## Work item
You are asked to reproduce the listing exactly and to omit its pictures.

## Data segment
■ ■ ■ ■
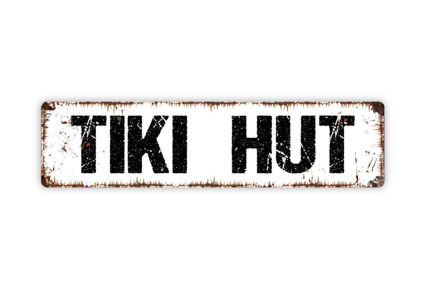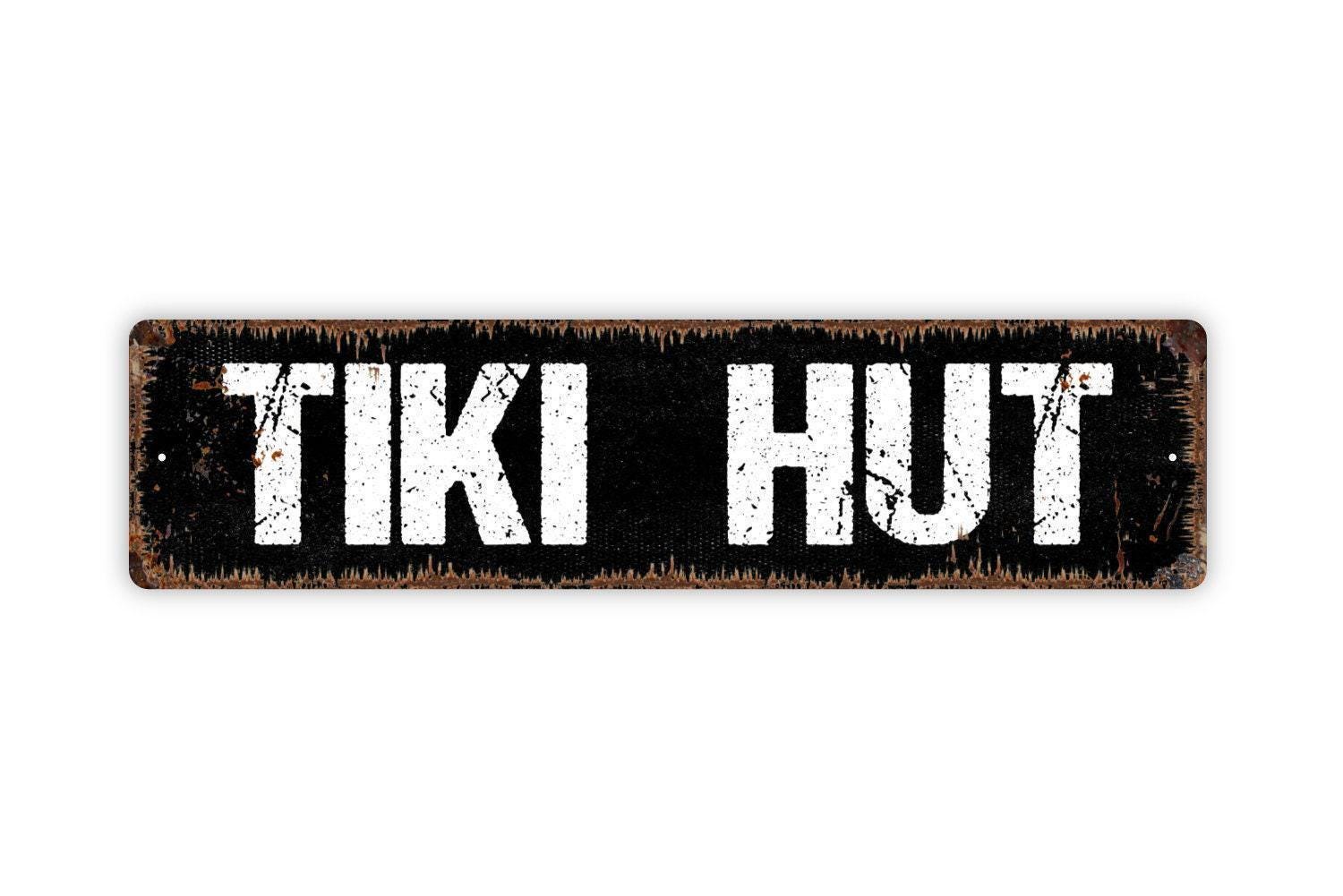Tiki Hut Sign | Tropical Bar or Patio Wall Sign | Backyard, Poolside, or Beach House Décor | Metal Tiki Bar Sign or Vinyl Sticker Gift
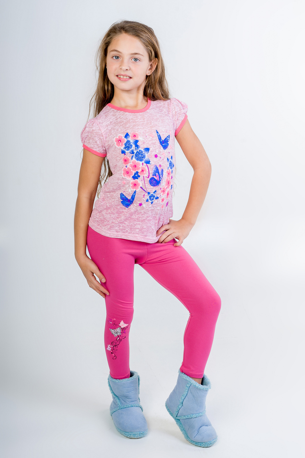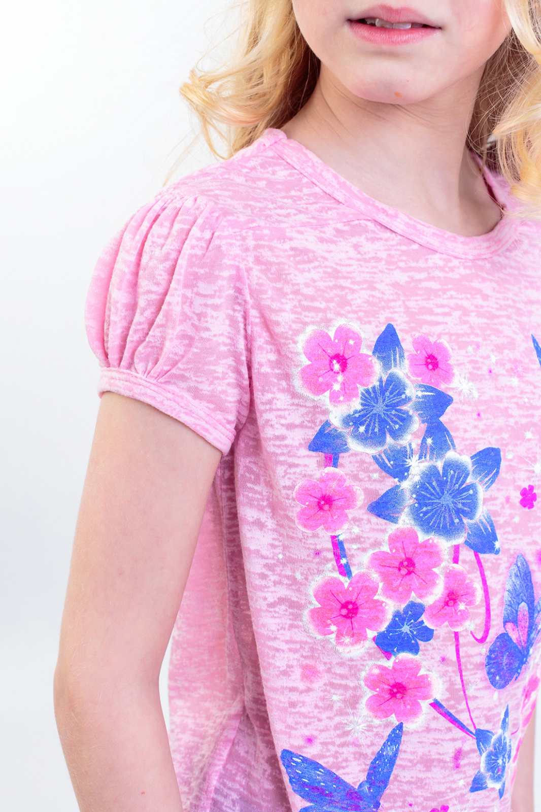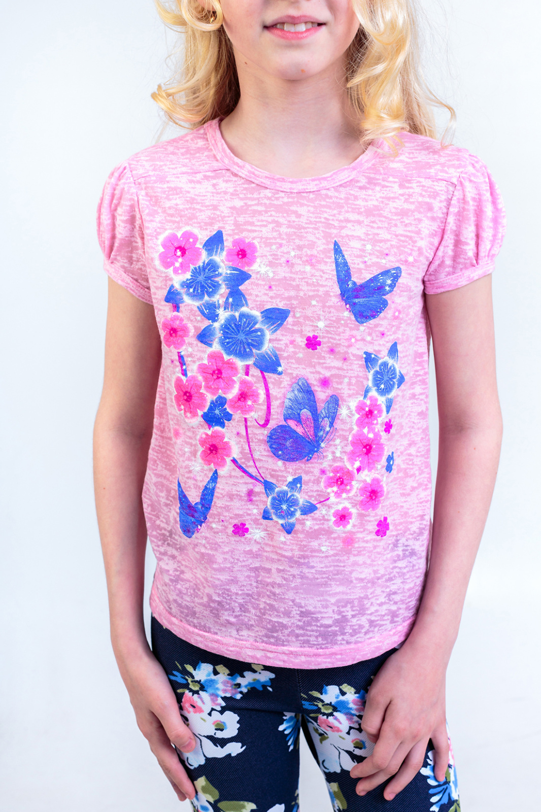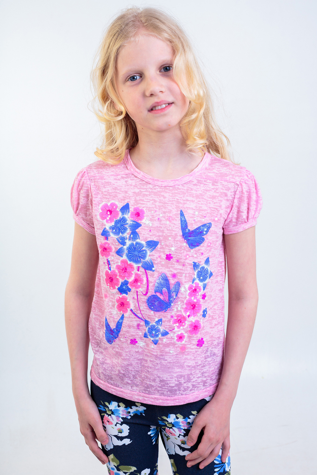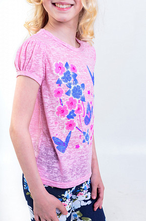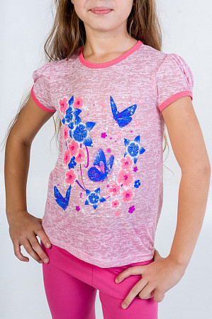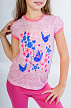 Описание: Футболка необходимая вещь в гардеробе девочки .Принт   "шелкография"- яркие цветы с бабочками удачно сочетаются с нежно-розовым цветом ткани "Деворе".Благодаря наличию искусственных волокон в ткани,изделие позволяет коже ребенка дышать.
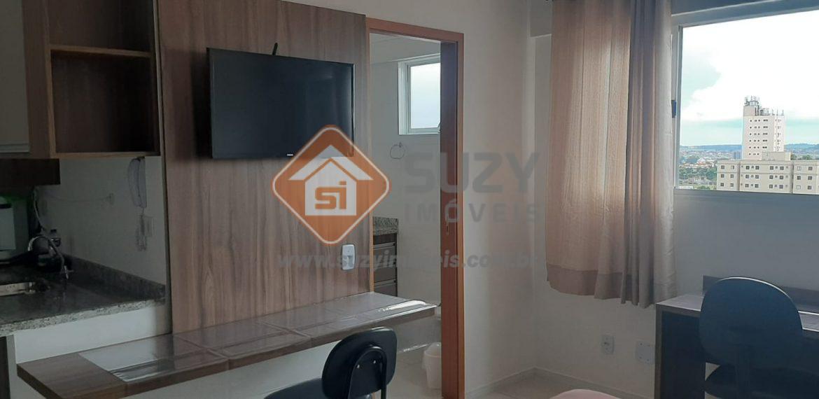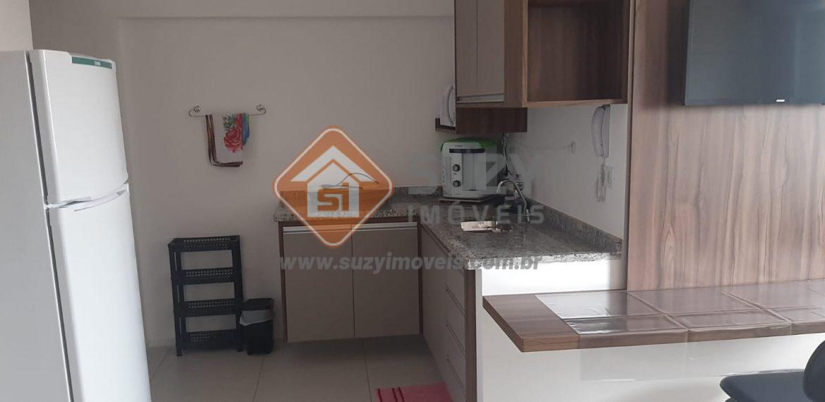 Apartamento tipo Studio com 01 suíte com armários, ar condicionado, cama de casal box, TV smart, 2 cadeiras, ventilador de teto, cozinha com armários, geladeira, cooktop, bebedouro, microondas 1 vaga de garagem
■ ■ ■ ■
## Result for this exercise
Tiki Hut Sign | Tropical Bar or Patio Wall Sign | Backyard, Poolside, or Beach House Décor | Metal Tiki Bar Sign or Vinyl Sticker Gift
 Описание: Футболка необходимая вещь в гардеробе девочки .Принт   "шелкография"- яркие цветы с бабочками удачно сочетаются с нежно-розовым цветом ткани "Деворе".Благодаря наличию искусственных волокон в ткани,изделие позволяет коже ребенка дышать.
 Apartamento tipo Studio com 01 suíte com armários, ar condicionado, cama de casal box, TV smart, 2 cadeiras, ventilador de teto, cozinha com armários, geladeira, cooktop, bebedouro, microondas 1 vaga de garagem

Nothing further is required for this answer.